WORK REQUIRED. An exact copy is needed of the lines in the entries below from the line with "5. 양파 1개에 8등분으로 칼집을 낸다. (다 썰지 않고 반만 칼집을 낸다.)" up to and including the line with "deyoli Lauffeuer Feuerwehr", and of nothing else. Leave the pictures out.

SOURCE MATERIAL.
↓

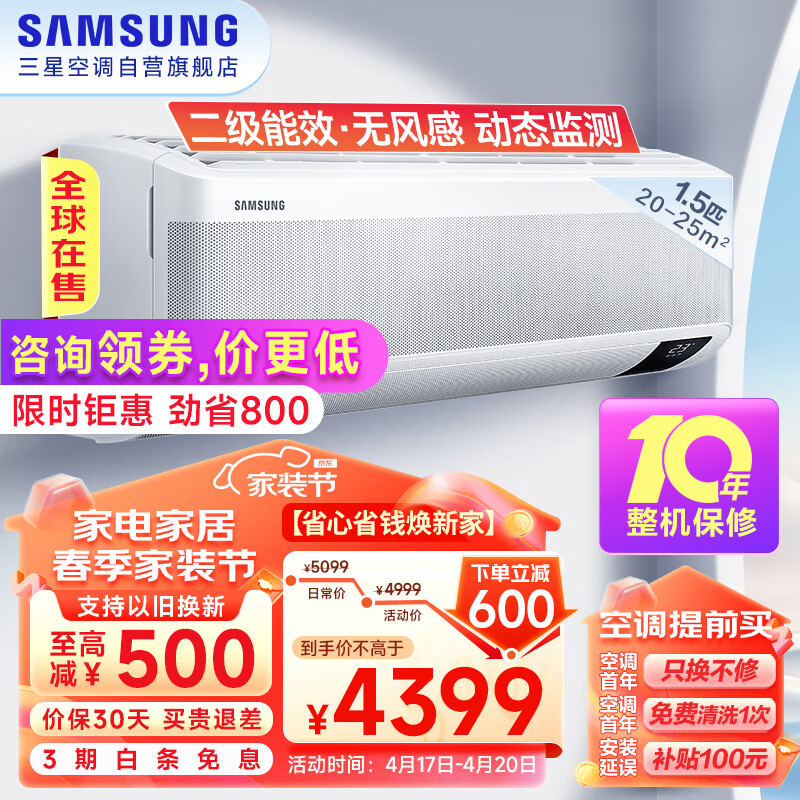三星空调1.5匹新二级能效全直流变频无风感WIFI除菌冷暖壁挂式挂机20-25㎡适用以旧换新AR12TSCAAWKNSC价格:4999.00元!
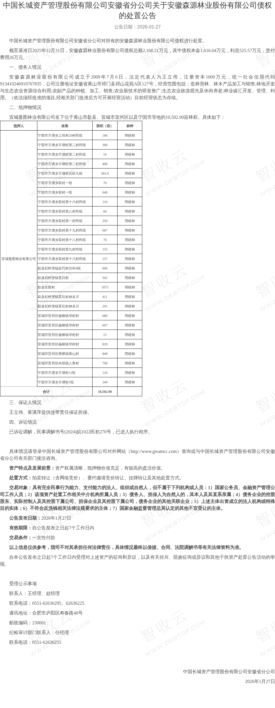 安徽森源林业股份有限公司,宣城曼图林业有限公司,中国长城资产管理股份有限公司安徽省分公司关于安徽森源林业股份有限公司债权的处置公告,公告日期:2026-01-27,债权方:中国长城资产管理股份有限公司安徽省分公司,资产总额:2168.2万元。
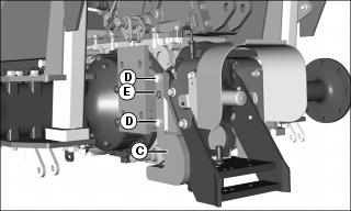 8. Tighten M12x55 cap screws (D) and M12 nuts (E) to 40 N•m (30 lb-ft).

↑
↓

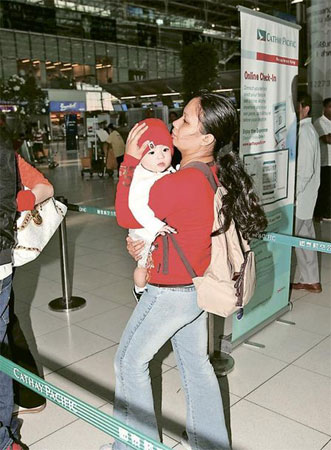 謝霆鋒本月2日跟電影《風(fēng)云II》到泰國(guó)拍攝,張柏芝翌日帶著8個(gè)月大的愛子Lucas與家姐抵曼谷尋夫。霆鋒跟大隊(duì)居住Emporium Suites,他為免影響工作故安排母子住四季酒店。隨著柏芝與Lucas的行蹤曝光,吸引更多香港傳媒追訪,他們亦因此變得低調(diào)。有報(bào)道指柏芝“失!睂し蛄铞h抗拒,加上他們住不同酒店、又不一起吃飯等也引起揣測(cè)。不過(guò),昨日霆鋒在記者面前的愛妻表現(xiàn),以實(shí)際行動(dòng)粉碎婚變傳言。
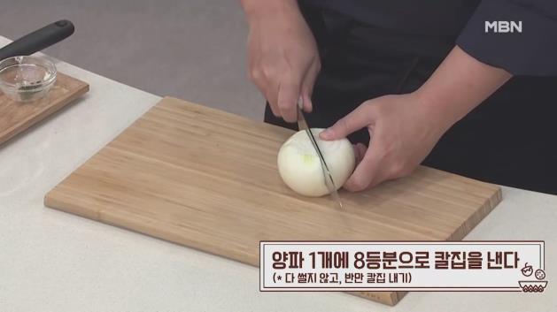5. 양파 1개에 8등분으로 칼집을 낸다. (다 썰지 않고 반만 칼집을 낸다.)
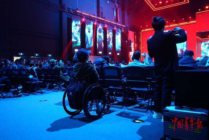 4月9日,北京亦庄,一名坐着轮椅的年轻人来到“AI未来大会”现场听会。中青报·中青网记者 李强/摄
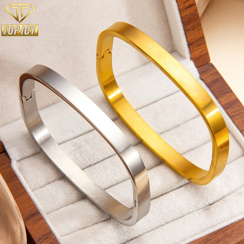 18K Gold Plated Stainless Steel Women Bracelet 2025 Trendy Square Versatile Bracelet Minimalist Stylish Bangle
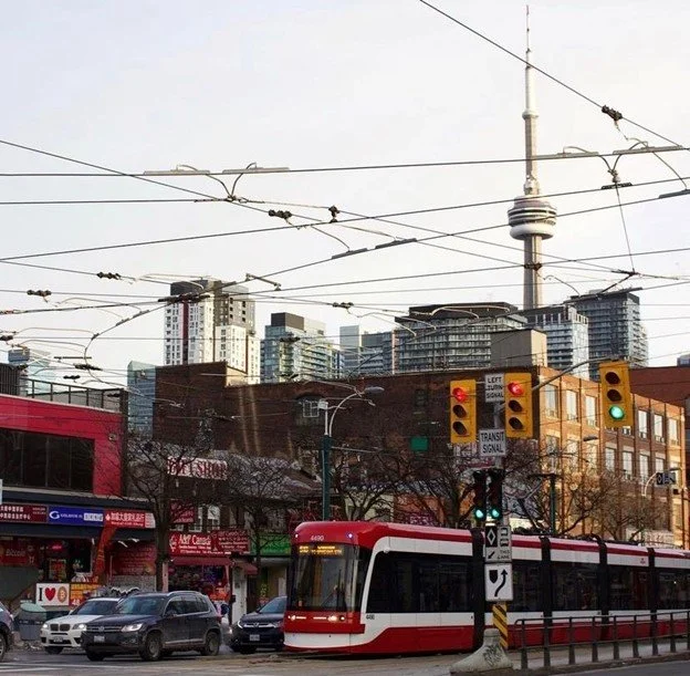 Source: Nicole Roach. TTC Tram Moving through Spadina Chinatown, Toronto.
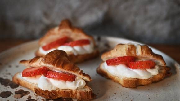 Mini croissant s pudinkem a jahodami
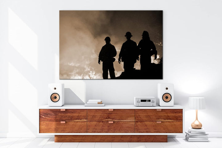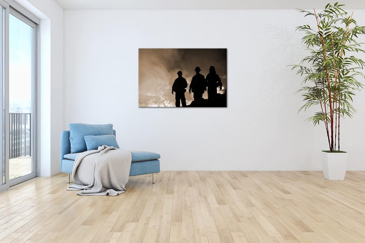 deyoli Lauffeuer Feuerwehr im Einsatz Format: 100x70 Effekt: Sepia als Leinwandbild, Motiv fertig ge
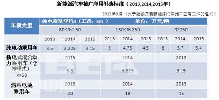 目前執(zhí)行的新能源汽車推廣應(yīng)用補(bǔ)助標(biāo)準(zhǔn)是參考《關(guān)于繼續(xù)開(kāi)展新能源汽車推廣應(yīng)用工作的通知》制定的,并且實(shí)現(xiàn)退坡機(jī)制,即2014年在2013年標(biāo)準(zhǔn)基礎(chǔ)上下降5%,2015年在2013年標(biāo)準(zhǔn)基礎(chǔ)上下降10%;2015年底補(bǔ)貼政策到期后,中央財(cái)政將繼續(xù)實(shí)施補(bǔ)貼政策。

↑

EXERCISE RESPONSE.
5. 양파 1개에 8등분으로 칼집을 낸다. (다 썰지 않고 반만 칼집을 낸다.)
 4月9日,北京亦庄,一名坐着轮椅的年轻人来到“AI未来大会”现场听会。中青报·中青网记者 李强/摄
 18K Gold Plated Stainless Steel Women Bracelet 2025 Trendy Square Versatile Bracelet Minimalist Stylish Bangle
 Source: Nicole Roach. TTC Tram Moving through Spadina Chinatown, Toronto.
 Mini croissant s pudinkem a jahodami
 deyoli Lauffeuer Feuerwehr im Einsatz Format: 100x70 Effekt: Sepia als Leinwandbild, Motiv fertig ge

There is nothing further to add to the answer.